Pontiff-icating: Pope John Paul II died Saturday after a 27–year tenure leading the Roman Catholic Church. Over the weekend, Catholics and non-Catholics alike mourned the loss of the pope and praised the man, "his message of peace, his battle against communism in Eastern Europe and his efforts to build bridges between religions."
Bloggers, too, have begun to weigh the pontiff's legacy, and Brahmin blogger Glenn Reynolds rounds up a collection of positive assessments. John Paul II was "was one of the great figures of our age," declares Johnathan Pearce at analytic group blog Samizdata. "However controversial a figure he may have been for his views on issues like abortion, birth control and capitalism, the late Pope was, in my eyes, a hero for playing a part in giving people in Eastern Europe the confidence to bring the Soviet Empire down." Law professor and radio host Hugh Hewitt agrees, writing that, along with "Reagan and Solzhenitsyn, John Paul II represents the three forces of opposition to communism that shattered the evil empire, the Soviet Union."
"One other thing that is worth mentioning," notes liberal policy buff Joshua Micah Marshall at Talking Points Memo, "is that before John Paul II, the Pope was a much more, well … parochial figure than he has been in the decades since.
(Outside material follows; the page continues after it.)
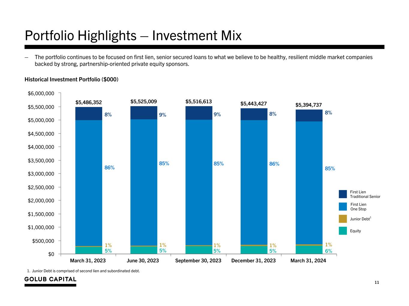 Portfolio Highlights - New Originations Quarter Ended March 31, 2023 June 30, 2023 September 30, 2023 December 31, 2023 March 31, 2024 Select Portfolio Funds Roll Data (in millions) New Investment Commitments $157.4 $110.7 $129.6 $58.6 $22.1 Exits and Sales of Investments 140.2 113.2 119.3 179.2 143.7 Net Funds Growth1 34.4 38.7 (8.4) (73.2) (48.7) Asset Mix of New Investments Senior Secured 0% 1% 10% 13% 2% One Stop 98% 99% 80% 84% 96% Junior Debt2 0% 0% 8% 0%* 0%* Equity and Other Investments 2% 0%* 2% 3% 1% Portfolio Rotation - Debt Investments Weighted average rate on new investments3 11.8% 12.0% 11.8% 11.0% 11.0% Weighted average spread over the applicable base rate of new floating rate investments4 7.1% 6.6% 6.1% 5.7% 5.8% Weighted average interest rate on investments that paid-off5 10.3% 10.3% 10.7% 10.4% 12.0% Weighted average fees on new investments 1.8% 1.6% 1.6% 1.1% 0.9% * Represents an amount less than 1% 1. Net funds growth includes the impact of new investments and exits of investments as noted in the table above, as well as other variables such as net funding on revolvers, net change in unamortized fees, net change in unrealized appreciation (depreciation), etc. 2. Junior Debt is comprised of subordinated debt and second lien loans. 3. Weighted average interest rate on new loan investments is based on the contractual interest rate at the time of funding. For variable rate loans that have a Secured Overnight Financing Rate (“SOFR”), Prime or an applicable foreign base rate for loans denominated in foreign currency, the contractual rate is calculated using the current applicable base rate, the spread over the applicable base rate and the impact of any floor. For positions that have a SOFR and Prime rate option, the contractual rate is calculated using current SOFR at the time of funding, the spread over SOFR and the impact of any SOFR floor. For fixed rate loans, the contract rate is the stated fixed rate. 4. Weighted average spread over the applicable base rate of new floating rate loan investments is based on the contractual interest rate spread at the time of funding. Applicable base rates include SOFR, Prime and applicable foreign base rates for loans denominated in foreign currency. For variable rate loans that have a SOFR and Prime rate option, the SOFR spread was used in the calculation. For variable rate loans that only have a Prime rate option, the Prime spread was used. 5. Excludes the disposition of non-accrual assets. – Total investments at fair value decreased by approximately 0.9%, or $48.7 million, during the three months ended March 31, 2024. 10
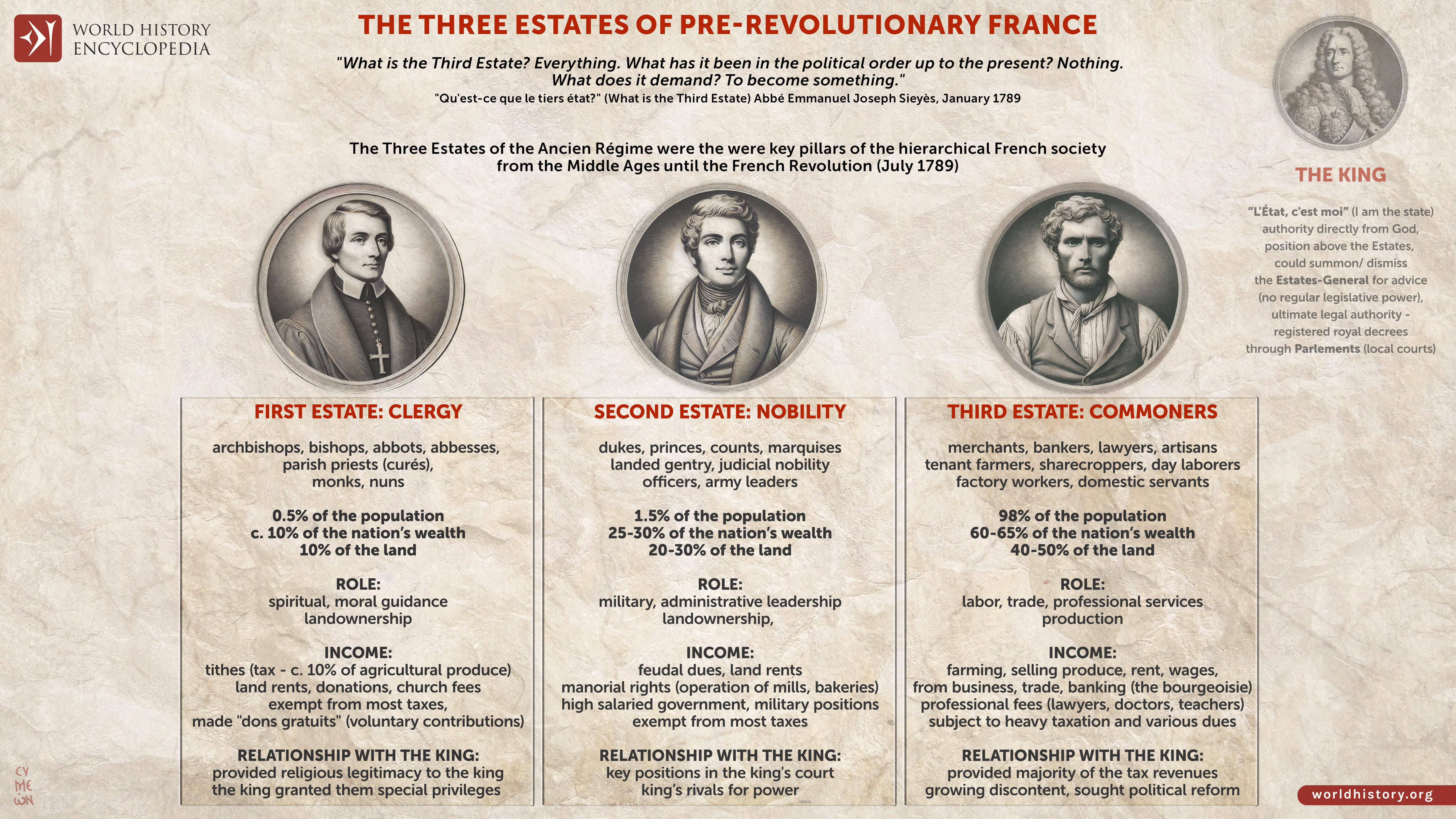 Netchev, Simeon. "The Three Estates of Pre-revolutionary France." World History Encyclopedia, 16 Sep 2024, https://www.worldhistory.org/image/19448/the-three-estates-of-pre-revolutionary-france/.

The Pope didn't travel around the world. He was always an Italian. And he was far less involved in the ecumenical work that played such a role in John Paul's pontificate."
At culture blog Body and Soul, Jeanne is put off by the "bizarre hagiography" of the coverage. Versatile literary blogger Robert Jubb has a more extreme response. At Consider Phlebas, he quotes liberally from an essay, by scholar Terry Eagleton in the London Review of Books, to suggest that the pope was authoritarian, reactionary, and unwilling to abide any criticism.
Bizarro world, Dubai: Tech digest Boing Boing reports that a "developer near Dubai is building a supervillain lair straight out of the funnybooks -- a collection of private islands arranged to look like a map of the world, with African game preserves, luxury hotels, McMansions, condos, etc etc etc." The remarkable home page is here.
"Got $6.8M for a private island?" asks Michael at Hainsworth. Mathew Ingram of the Globe and Mail thinks the construction isn't a business endeavor so much as a megalomaniacal show of power for Dubai's superrich. Diarist thirteen pixels is spooked. "Is anyone else terrified about what these people are doing?"
Dismissed in a huff: Author and pundit Arianna Huffington is planning to launch "an online publishing venture"—a culture and political magazine whose defining feature would be a group blog including contributions from "the culture and media elite." According to Business 2.0, the list of possible contributors includes "Sen. Jon Corzine, Larry David, Barry Diller, Tom Freston, David Geffen, Vernon Jordan, Gwyneth Paltrow, and Harry Evans and his wife, Tina Brown."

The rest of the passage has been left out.